Behind the conquest is the hidden hand of the United Arab Emirates, which has been fueling the southern advance. Now Yemen’s eastern battlegrounds could host a far larger showdown, as a proxy contest between the Emirates and their Saudi rivals threatens to spiral out of control. Just when it seemed things could not get worse for Yemen, the country appears to be approaching yet another round of collapse.
The pace and surprise of the takeover have invited comparisons to the fall of Syria’s Assad regime, which collapsed with similar speed.
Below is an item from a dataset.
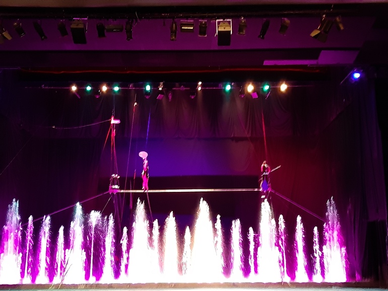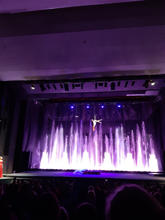 Кстати, за счет воды и льда, в зале холодно. В антракте мы спускались в гардероб за тёплыми вещами.
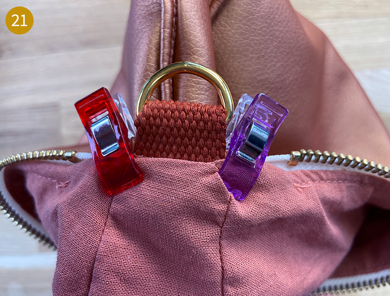 Insérez votre anse dans chaque anneau en D et réalisez une piqure à 0,5 cm du bord.

The thesis of this analysis is straightforward: the fragile three-way equilibrium that has held Yemen together for years has broken, and a UAE-backed separatist bloc is now positioned to carve a new state out of the country’s south while the Gulf’s two great powers edge toward open confrontation.
Key Takeaways
- The Southern Transitional Council (STC), a separatist movement formally established in 2017, has seized most of the populated belt of Yemen’s Hadhramaut Governorate and other eastern territory in a lightning offensive that began in earnest on December 3.
- The fighting has almost nothing to do with the Houthis. The crisis is a clash between Yemen’s internationally recognized government, backed by Saudi Arabia, and the STC, backed by the United Arab Emirates.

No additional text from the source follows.